É revoltante! Uma criança quebrou o braço andando de skate no centro de São Pedro da Aldeia, na Região dos Lagos do Rio, na última segunda-feira (5), e acabou sendo vítima do caos na saúde pública.
Após o acidente, o menino foi levado em uma viatura da Polícia Militar até a UPA da cidade, que pasmem: é referência em atendimento infantil. Lá, passou por raio-x, teve a fratura confirmada, mas recebeu a notícia absurda: não havia ortopedista nem material para fazer o gesso.
Sem opção, os profissionais improvisaram uma tala feita com papelão para imobilizar o braço da criança. Isso mesmo: papelão, como solução emergencial para uma fratura.
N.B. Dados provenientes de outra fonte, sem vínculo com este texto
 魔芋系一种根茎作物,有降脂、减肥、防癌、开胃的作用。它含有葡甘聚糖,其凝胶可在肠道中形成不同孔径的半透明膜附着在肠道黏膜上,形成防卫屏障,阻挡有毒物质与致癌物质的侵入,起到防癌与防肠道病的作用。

O atendimento digno só veio no dia seguinte, quando a criança foi encaminhada ao pronto-socorro municipal, onde finalmente recebeu o tratamento correto e teve o braço engessado.
Em nota, a Fundação Saúde informou que a UPA de São Pedro da Aldeia não conta com atendimento especializado em Ortopedia. A gestão disse ainda que vai apurar o caso e reafirmou o compromisso de oferecer assistência de qualidade.
Enquanto isso, fica a pergunta que não quer calar: como uma UPA infantil funciona sem ortopedista? É duro, é triste, mas é a realidade.